Prison Writing
The following is taken from an email that I just sent to my grandmother in Arizona. About a month ago, she mailed me Crossing the Yard: Thirty Years as a Prison Volunteer by Richard Shelton. I enjoyed this book and definitely think it’s worth reading.
I’ve been familiar with prison writing for some time now, but this book brought me an extensive glance into the prison world. I had some colleagues at NAU who taught classes at the local prison. Here at Georgia College, as part of our Arts & Letters journal staff, I read submissions and I received several from inmates in prison. Though I’ve heard several of my colleagues make offhand remarks about the writing and I never received anything that I deemed worthy of passing up to the Poetry editor, I always made sure to return the original poems (usually handwritten on notebook paper) in the included self-addressed stamp envelope along with the rejection notification. It broke my heart that people would send off their only copy of poems. I’m sure many prisoners don’t receive their work back.

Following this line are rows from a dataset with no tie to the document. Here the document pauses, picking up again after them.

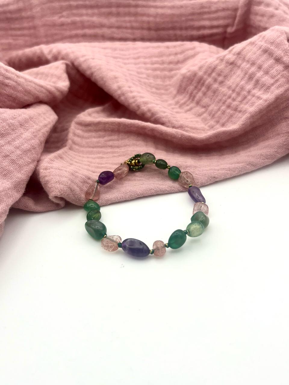 The Conca bracelet features a delicate design with gold-plated steel and stunning tourmaline beads. Perfect for adding a touch of elegance to any outfit.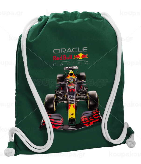 Redbull Racing Team F1, Τσάντα πλάτης πουγκί GYMBAG BOTTLE GREEN, με τσέπη (40x48cm) & χονδρά λευκά κορδόνια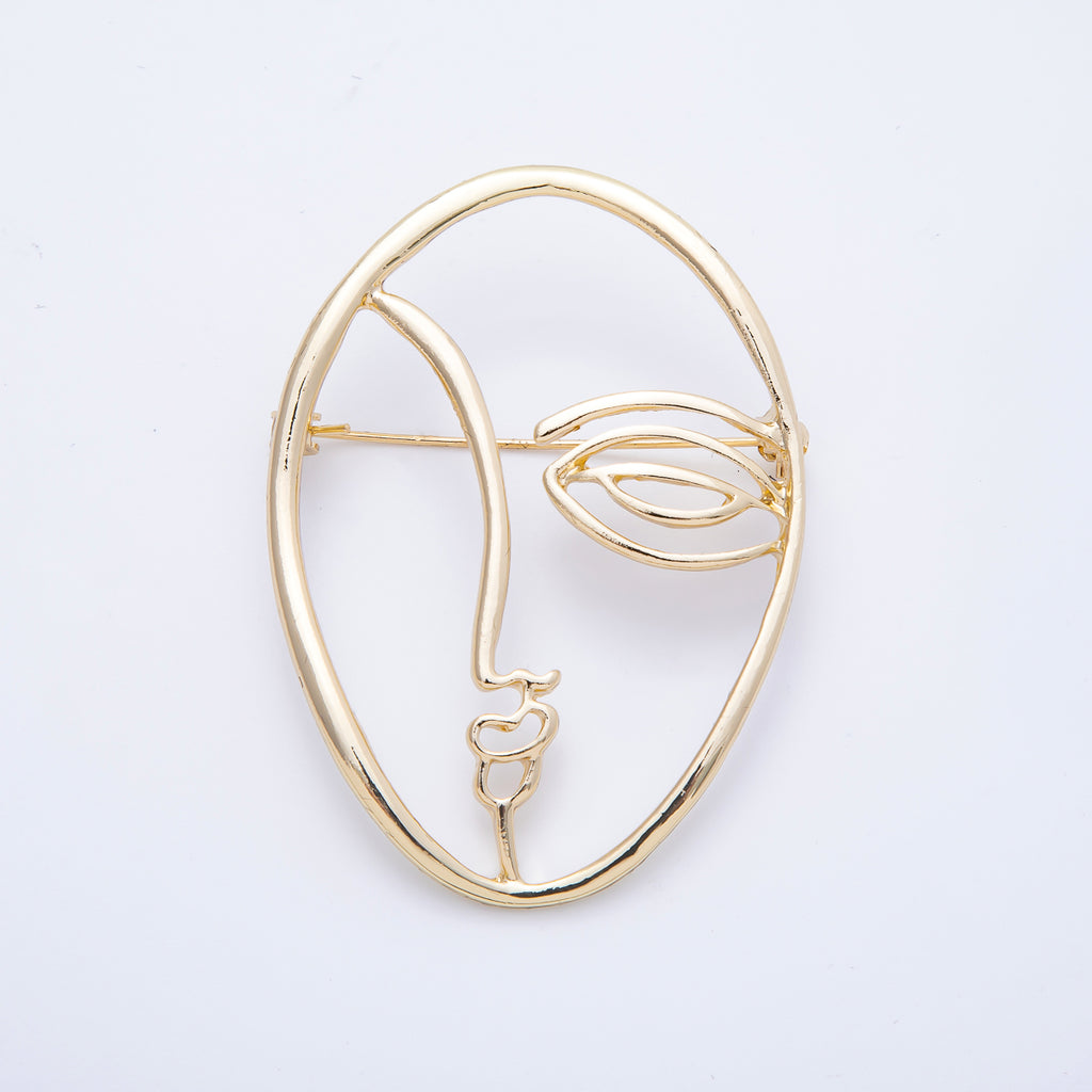 Gold 60.5mm x 43.5mm Minimalist Face Pin Brooch | BH-066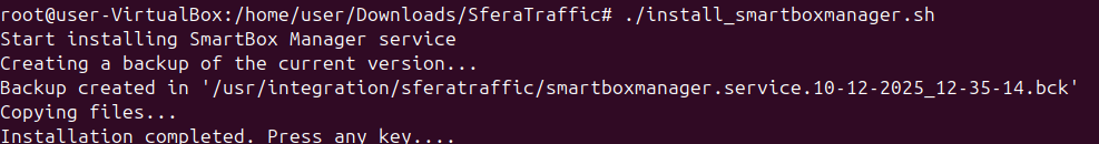 После выполнения установки, файлы интеграционного решения будут скопированы в папку /usr/integration/sferatraffic/smartboxmanager.service. Также в систему добавится сервис smartboxmanager.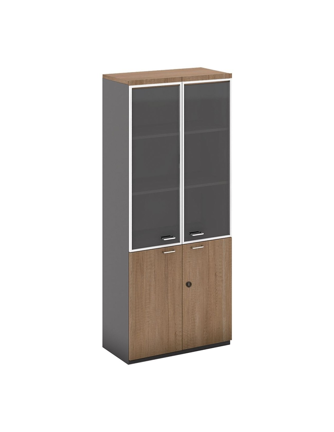 PROLINE Βιβλιοθήκη Γραφείου, 3 Ράφια Πόρτες Γυαλί, Ντουπάπι, Απόχρωση Καρυδί Δρυς - Μαύρο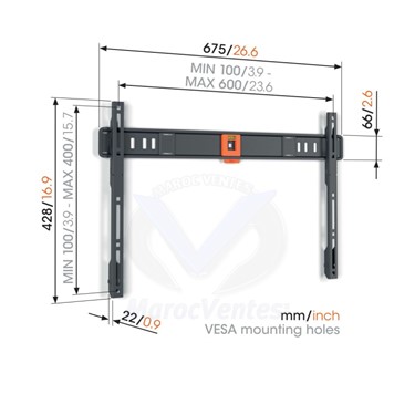 Schéma de trous (VESA)    100 mm x 100 mm, 100 mm x 200 mm, 200 mm x 100 mm, 200 mm x 200 mm, 200 mm x 300 mm, 300 mm x 200 mm, 300 mm x 300 mm, 400 mm x 200 mm, 400 mm x 300 mm, 400 mm x 400 mm, 500 mm x 200 mm, 500 mm x 300 mm, 500 mm x 400 mm, 600 mm x 200 mm, 600 mm x 300 mm, 600 mm x 400 mm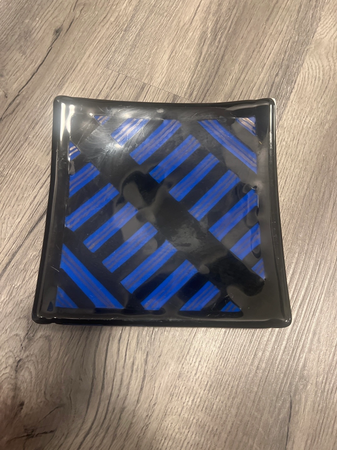Square glass serving tray with blue and black geometric pattern. Has a slight curve around the edges. Custom made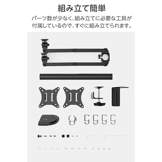 パーツ数が少なく、組み立てに必要な工具が付属しているのですぐに組み立てられます。見た目もスッキリ、ケーブルを収納できるガイド付き。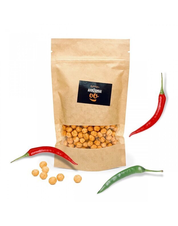 Sudėtis: Skrudinti avinžirniai (92%), prieskonių mišinys 8% (gliukozė, ryžių miltai, valgomoji druska. kvapiosios medžiagos), rapsų aliejus, prieskoniai: rūkyta paprika, džiovintos daržovės (pomidorų milteliai, svogūnai, česnakai, malto-dekstrinas, lipnumą reguliuojanti medžiaga E551, rūgštingumą reguliuojanti medžiaga E330, E270. Sudėtyje gali būti riešutų pėdsakų. Laikyti sausoje vietoje, (20±3) ℃ temperatūroje. Geriausias iki: žr. ant pakuotės.
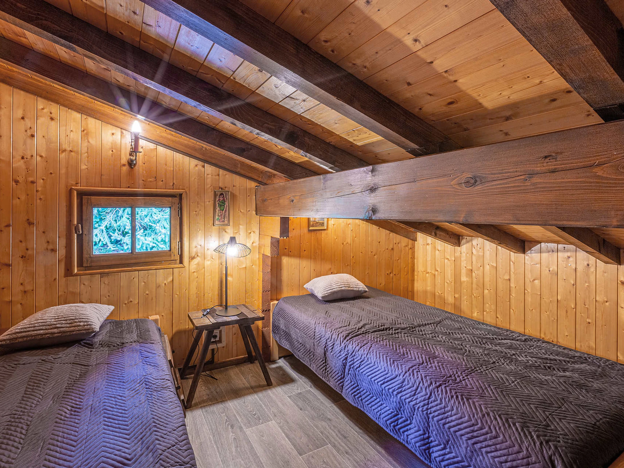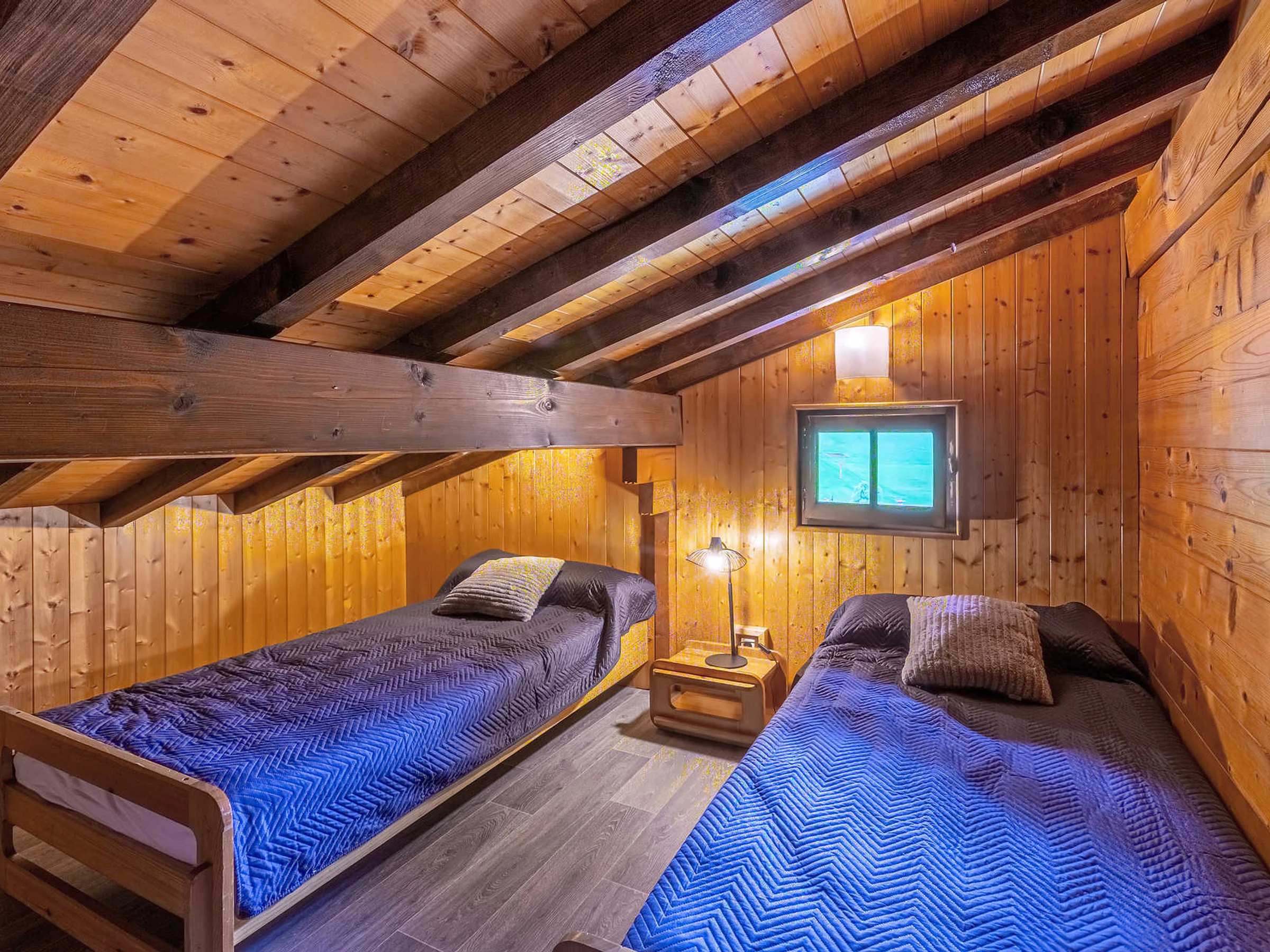 - COIN MONTAGNE (11.12 m² dont 9.30m² mansardés) : 1 LIT 1 PLACE (90) + 1 lit enfant, petite fenêtre sud, vue résidences voisines / montagne

I tried to enroll in the PEN Mentoring Program, serving as an anonymous mentor who corresponds with a prisoner through mail, but they have “enough” volunteers for 2011, and they “may” need more help in 2012. I don’t see how you can ever have too many volunteers, when it seems as though there are many, many prisoners out there who want to write and have others see/critique their writing, but for some reason they’ve got a cap on it.